In addition, so long as the Advisory Agreement has not been terminated between the Company and the Adviser, the Special Limited Partner holds a performance participation interest in the Operating Partnership that entitles it to receive in the aggregate an allocation from the Operating Partnership equal to 12.5% of the Total Return with respect to all of the Operating Partnership units, except Class E Operating Partnership units, subject to a 5% Hurdle Amount and a High Water Mark with respect to such class of units, with a Catch-Up (each term as defined in the limited partnership agreement of the Operating Partnership). Such allocation will be made annually and accrue monthly. Distributions on the performance participation interest may be payable in cash or Class E Operating Partnership units, or any combination thereof, at the election of the Special Limited Partner. The Special Limited Partner has agreed to waive distributions with respect to its performance participation interest through April 1, 2025 and as such the Company will not begin making monthly accruals until such date.
The Company may retain certain of the Adviser’s affiliates, from time to time, for services relating to its investments or its operations, which may include accounting and audit services (including valuation support services), account management services, corporate secretarial services, data management services, trusteeship services, information technology services, finance/budget services, human resources, judicial processes, legal services, operational services, risk management services, tax services, treasury services, loan management services, construction management services, property management services, leasing services, property, title and/or other types of insurance and related services, transaction support services, transaction consulting services and other similar operational matters. The Operating Partnership or its subsidiary may also issue equity incentives to certain employees of such affiliates. Any payments made to the Adviser’s affiliates will not reduce the management fee or performance participation allocation. Any such arrangements will be at or below market rates. As of June 30, 2024 and December 31, 2023, the Company has not retained an affiliate of the Adviser for any such services.

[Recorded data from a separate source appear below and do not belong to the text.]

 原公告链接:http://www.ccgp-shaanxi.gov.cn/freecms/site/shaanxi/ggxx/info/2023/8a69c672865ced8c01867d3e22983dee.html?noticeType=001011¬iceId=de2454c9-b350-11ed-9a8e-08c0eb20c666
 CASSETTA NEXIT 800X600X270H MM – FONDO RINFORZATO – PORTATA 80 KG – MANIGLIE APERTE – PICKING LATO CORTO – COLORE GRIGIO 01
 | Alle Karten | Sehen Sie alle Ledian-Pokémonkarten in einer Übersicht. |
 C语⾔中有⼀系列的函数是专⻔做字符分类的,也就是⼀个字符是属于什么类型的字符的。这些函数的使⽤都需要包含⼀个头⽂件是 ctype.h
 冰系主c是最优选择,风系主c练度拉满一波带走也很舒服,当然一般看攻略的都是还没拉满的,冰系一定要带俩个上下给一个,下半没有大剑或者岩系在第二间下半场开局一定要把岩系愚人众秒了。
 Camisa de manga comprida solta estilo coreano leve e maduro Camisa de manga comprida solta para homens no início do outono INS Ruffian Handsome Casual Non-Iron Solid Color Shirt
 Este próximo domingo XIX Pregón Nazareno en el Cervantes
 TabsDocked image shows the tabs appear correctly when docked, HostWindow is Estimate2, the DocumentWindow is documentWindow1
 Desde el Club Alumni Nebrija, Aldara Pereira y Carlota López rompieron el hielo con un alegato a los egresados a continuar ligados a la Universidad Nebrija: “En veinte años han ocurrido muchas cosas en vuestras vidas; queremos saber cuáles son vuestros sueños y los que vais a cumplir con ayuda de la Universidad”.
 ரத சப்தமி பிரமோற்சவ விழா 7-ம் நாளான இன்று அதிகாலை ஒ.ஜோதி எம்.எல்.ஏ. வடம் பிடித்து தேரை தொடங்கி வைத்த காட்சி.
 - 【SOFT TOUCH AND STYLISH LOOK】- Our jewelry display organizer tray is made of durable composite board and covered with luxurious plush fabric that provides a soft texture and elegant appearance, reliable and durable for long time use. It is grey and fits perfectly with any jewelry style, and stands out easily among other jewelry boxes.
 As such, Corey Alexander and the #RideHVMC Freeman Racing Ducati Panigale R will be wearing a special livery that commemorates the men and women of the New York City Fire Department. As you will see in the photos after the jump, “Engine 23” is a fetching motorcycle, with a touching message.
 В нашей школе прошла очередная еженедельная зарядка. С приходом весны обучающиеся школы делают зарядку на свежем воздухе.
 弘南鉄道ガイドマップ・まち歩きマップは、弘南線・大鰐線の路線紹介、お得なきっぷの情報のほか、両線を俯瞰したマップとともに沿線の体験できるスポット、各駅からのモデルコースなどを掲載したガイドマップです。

Warehouse Funding Facility
On November 22, 2023, the Company, as borrower, and MSREI Holding, an affiliate of the Adviser, as lender, entered into the Warehouse Funding Facility with a maximum amount of $125,000 that generally bears interest at a variable rate based on the Secured Overnight Funding Rate plus a spread based on the external cost typically used by Morgan Stanley to price funding for its business units and has a maturity date of May 22, 2025. As of December 31, 2023, the Warehouse Funding Facility had $28,750 of principal outstanding with an average all-in interest rate of 6.83%.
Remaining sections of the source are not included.